## RECORDS FOR THIS EXERCISE

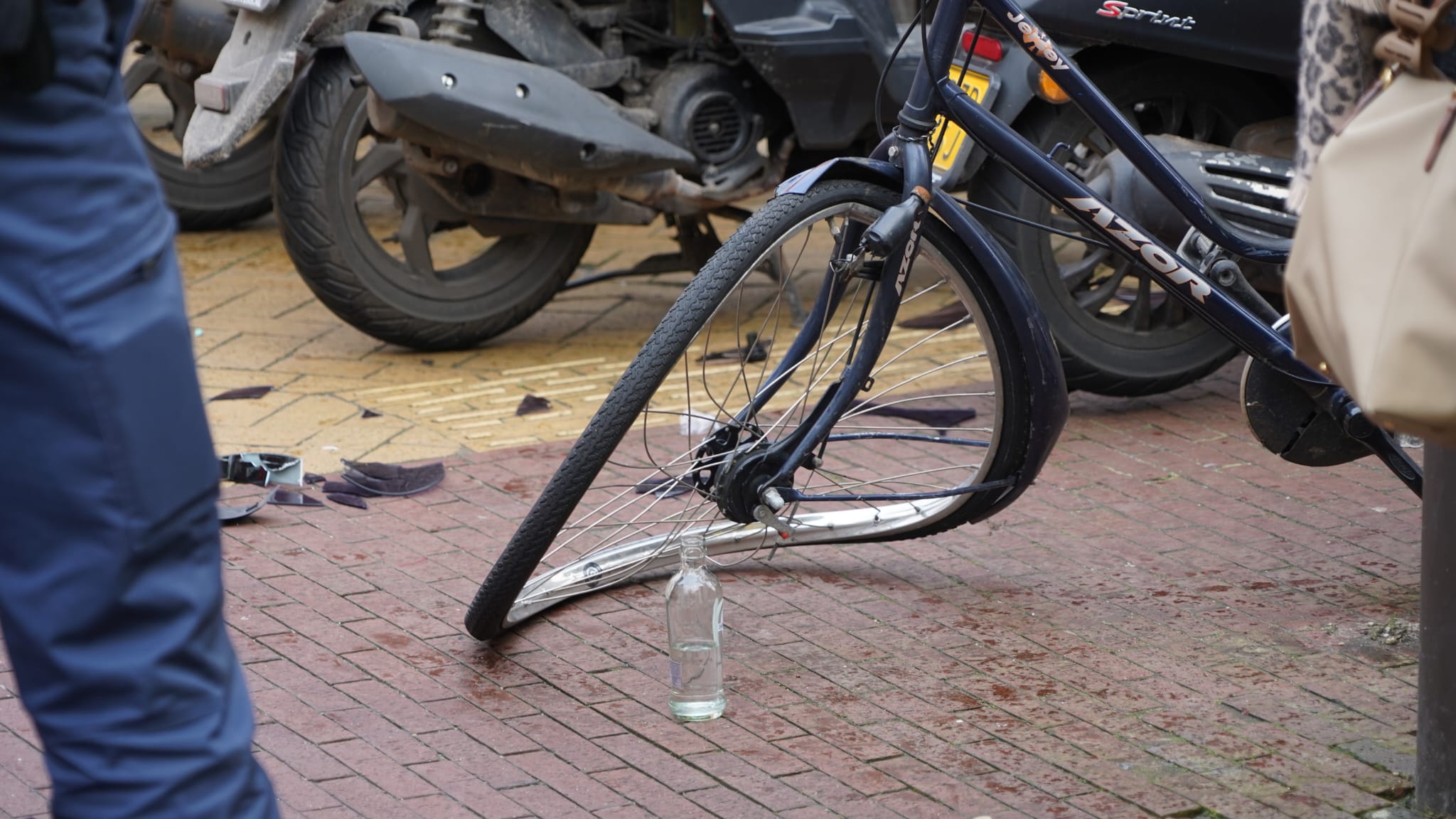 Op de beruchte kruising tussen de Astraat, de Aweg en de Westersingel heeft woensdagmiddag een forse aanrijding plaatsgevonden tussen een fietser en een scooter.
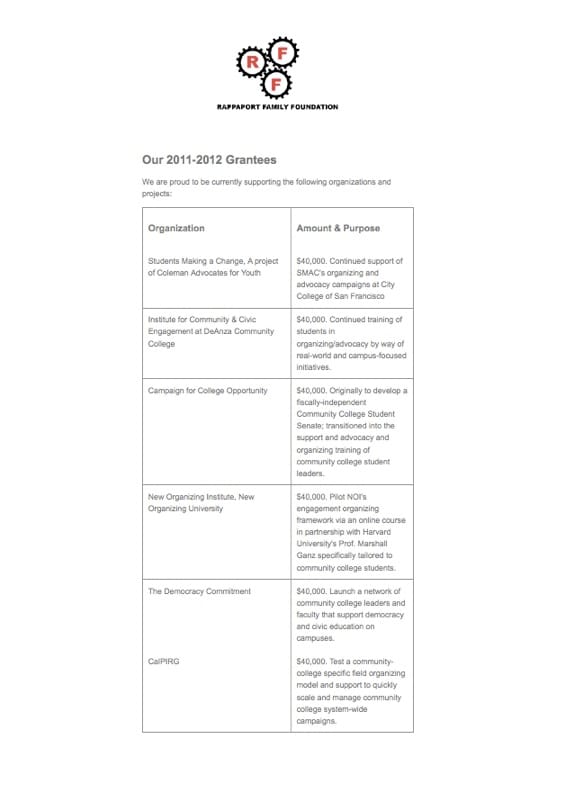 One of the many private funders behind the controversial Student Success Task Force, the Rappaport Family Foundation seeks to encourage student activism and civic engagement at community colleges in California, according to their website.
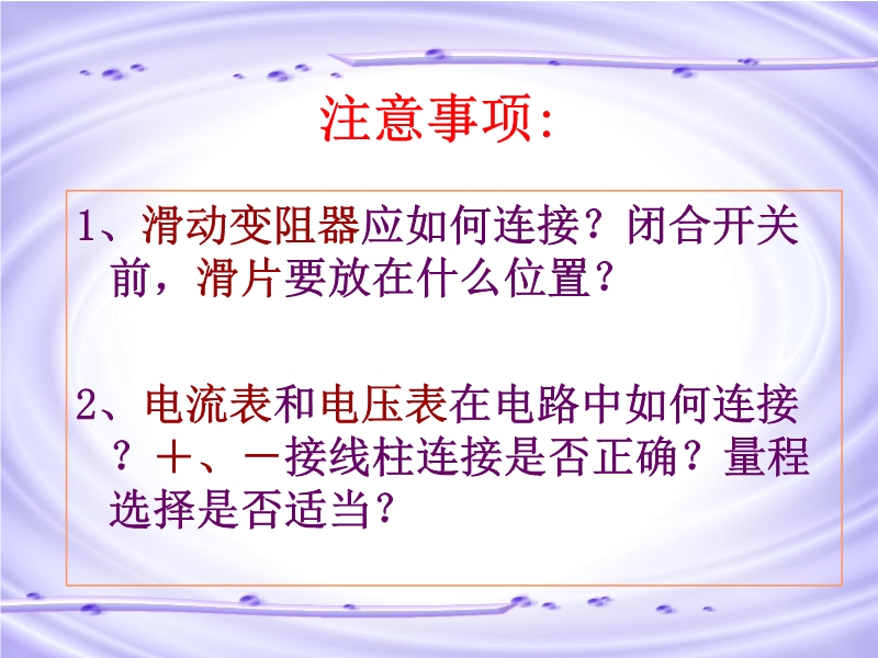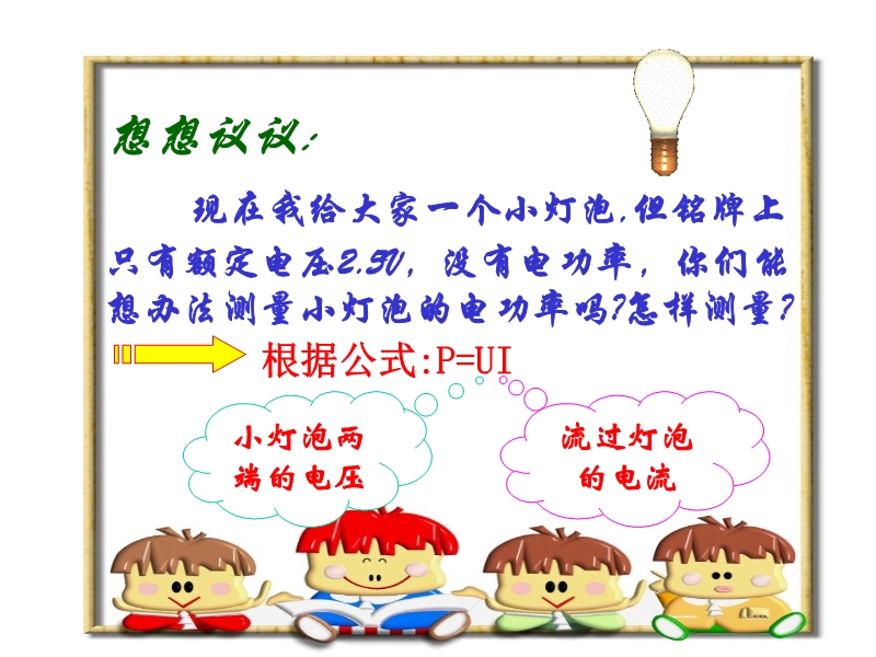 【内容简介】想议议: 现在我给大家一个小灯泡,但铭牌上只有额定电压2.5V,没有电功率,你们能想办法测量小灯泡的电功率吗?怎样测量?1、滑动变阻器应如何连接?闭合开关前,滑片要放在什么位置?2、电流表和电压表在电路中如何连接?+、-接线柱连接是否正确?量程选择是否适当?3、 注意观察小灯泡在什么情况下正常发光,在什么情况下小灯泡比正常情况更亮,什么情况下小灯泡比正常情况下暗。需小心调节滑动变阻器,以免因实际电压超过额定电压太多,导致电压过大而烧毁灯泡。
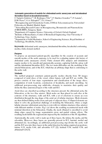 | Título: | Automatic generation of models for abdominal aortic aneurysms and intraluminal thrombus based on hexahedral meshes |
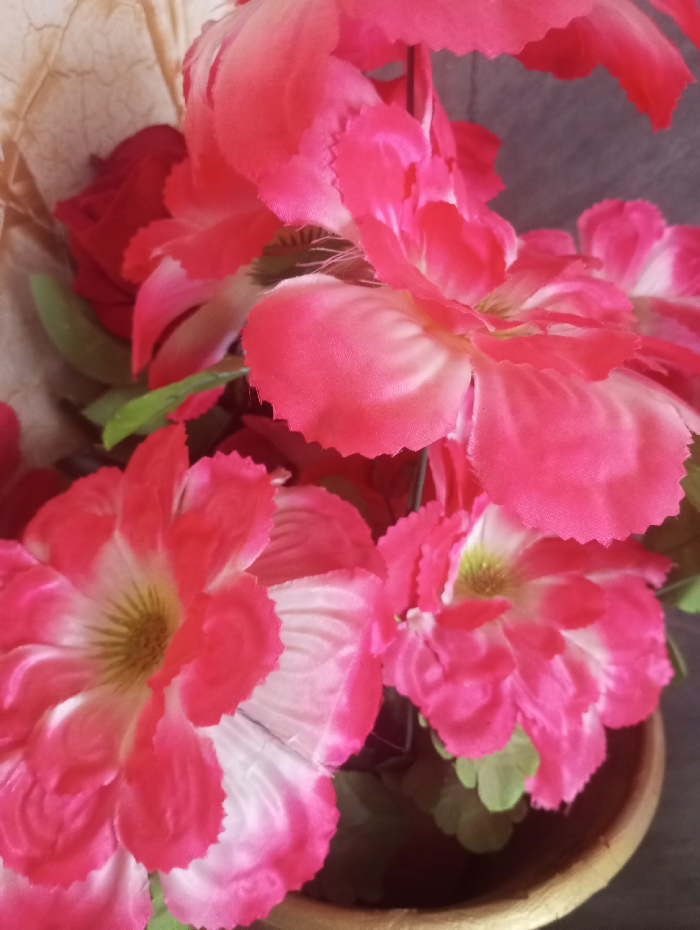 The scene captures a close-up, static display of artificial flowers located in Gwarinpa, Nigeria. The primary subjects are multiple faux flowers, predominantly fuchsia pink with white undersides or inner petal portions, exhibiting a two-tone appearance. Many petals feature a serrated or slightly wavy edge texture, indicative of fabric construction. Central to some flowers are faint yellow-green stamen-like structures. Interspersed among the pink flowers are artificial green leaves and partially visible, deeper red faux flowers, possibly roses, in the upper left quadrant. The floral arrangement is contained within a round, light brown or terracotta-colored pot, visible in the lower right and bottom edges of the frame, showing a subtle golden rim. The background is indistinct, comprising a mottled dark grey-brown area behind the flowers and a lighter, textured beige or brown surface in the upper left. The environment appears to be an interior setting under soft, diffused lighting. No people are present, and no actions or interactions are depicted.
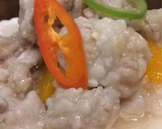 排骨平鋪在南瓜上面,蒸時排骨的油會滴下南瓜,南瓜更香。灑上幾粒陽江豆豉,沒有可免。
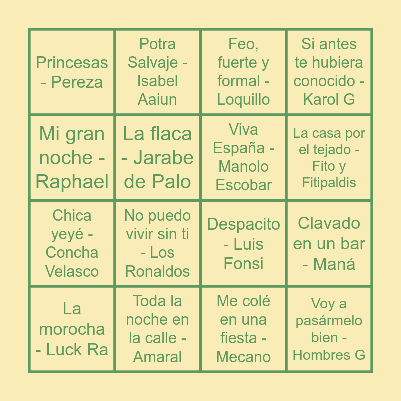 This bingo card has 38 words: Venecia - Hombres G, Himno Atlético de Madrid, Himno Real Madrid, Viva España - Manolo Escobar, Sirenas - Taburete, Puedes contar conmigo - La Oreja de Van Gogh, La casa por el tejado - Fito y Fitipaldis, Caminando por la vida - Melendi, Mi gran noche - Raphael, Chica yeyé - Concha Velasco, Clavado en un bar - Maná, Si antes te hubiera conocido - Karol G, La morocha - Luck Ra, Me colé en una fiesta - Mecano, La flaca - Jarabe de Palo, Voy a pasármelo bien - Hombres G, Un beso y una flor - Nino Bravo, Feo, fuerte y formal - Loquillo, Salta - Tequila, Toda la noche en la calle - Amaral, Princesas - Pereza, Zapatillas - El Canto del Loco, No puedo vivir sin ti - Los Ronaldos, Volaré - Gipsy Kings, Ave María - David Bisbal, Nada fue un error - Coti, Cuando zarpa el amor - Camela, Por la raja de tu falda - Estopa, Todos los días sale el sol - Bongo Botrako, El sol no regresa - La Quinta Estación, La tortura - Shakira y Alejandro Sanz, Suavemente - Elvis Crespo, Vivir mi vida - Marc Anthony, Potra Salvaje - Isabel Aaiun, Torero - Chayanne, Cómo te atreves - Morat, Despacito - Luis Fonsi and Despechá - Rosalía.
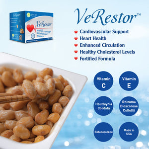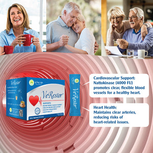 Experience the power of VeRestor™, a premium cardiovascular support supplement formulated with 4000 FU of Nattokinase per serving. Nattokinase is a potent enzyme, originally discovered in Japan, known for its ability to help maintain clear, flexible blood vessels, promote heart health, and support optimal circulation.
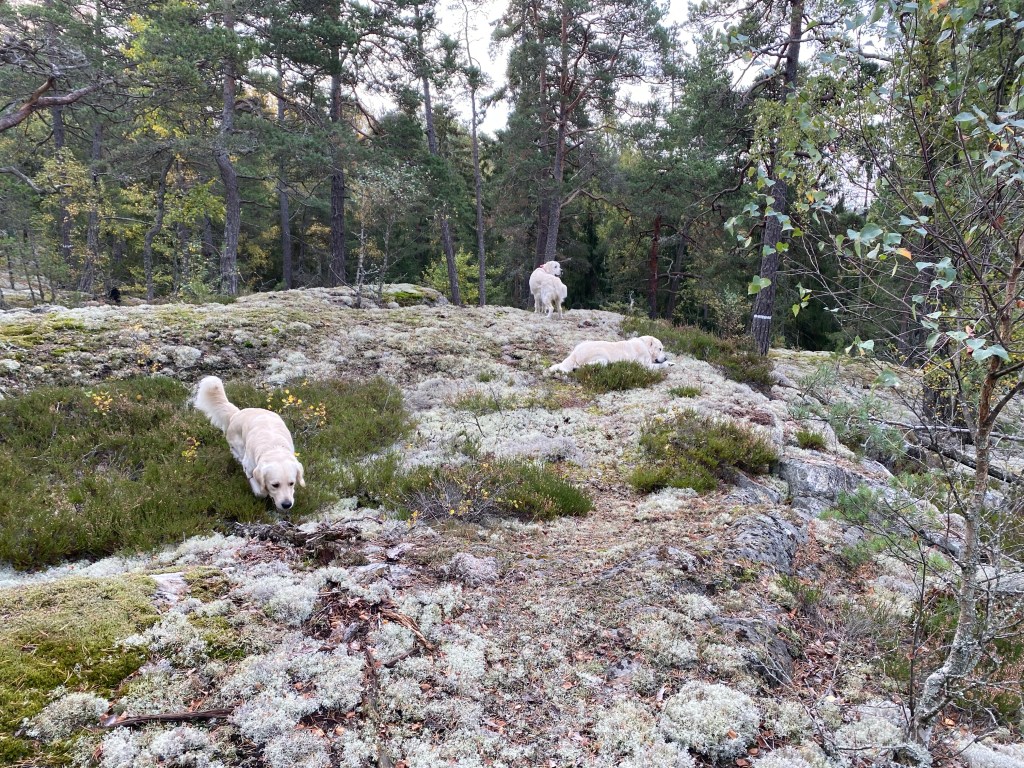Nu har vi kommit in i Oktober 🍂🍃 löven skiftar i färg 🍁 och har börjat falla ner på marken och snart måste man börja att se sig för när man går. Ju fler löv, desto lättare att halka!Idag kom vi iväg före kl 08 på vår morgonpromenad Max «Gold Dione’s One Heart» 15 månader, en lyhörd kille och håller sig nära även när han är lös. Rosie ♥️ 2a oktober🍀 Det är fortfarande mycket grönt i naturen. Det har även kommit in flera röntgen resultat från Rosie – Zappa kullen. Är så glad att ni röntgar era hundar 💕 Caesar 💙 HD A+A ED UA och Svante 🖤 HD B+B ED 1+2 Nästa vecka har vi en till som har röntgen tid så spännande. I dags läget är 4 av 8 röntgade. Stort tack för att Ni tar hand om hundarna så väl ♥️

## PROBLEM DETAILS
Exactly as written, repeat the lines of the material above from the first through the line holding "排骨平鋪在南瓜上面,蒸時排骨", with both ends in the copy and no pictures.

## ANSWER AREA
 Op de beruchte kruising tussen de Astraat, de Aweg en de Westersingel heeft woensdagmiddag een forse aanrijding plaatsgevonden tussen een fietser en een scooter.
 One of the many private funders behind the controversial Student Success Task Force, the Rappaport Family Foundation seeks to encourage student activism and civic engagement at community colleges in California, according to their website.
 【内容简介】想议议: 现在我给大家一个小灯泡,但铭牌上只有额定电压2.5V,没有电功率,你们能想办法测量小灯泡的电功率吗?怎样测量?1、滑动变阻器应如何连接?闭合开关前,滑片要放在什么位置?2、电流表和电压表在电路中如何连接?+、-接线柱连接是否正确?量程选择是否适当?3、 注意观察小灯泡在什么情况下正常发光,在什么情况下小灯泡比正常情况更亮,什么情况下小灯泡比正常情况下暗。需小心调节滑动变阻器,以免因实际电压超过额定电压太多,导致电压过大而烧毁灯泡。
 | Título: | Automatic generation of models for abdominal aortic aneurysms and intraluminal thrombus based on hexahedral meshes |
 The scene captures a close-up, static display of artificial flowers located in Gwarinpa, Nigeria. The primary subjects are multiple faux flowers, predominantly fuchsia pink with white undersides or inner petal portions, exhibiting a two-tone appearance. Many petals feature a serrated or slightly wavy edge texture, indicative of fabric construction. Central to some flowers are faint yellow-green stamen-like structures. Interspersed among the pink flowers are artificial green leaves and partially visible, deeper red faux flowers, possibly roses, in the upper left quadrant. The floral arrangement is contained within a round, light brown or terracotta-colored pot, visible in the lower right and bottom edges of the frame, showing a subtle golden rim. The background is indistinct, comprising a mottled dark grey-brown area behind the flowers and a lighter, textured beige or brown surface in the upper left. The environment appears to be an interior setting under soft, diffused lighting. No people are present, and no actions or interactions are depicted.
 排骨平鋪在南瓜上面,蒸時排骨的油會滴下南瓜,南瓜更香。灑上幾粒陽江豆豉,沒有可免。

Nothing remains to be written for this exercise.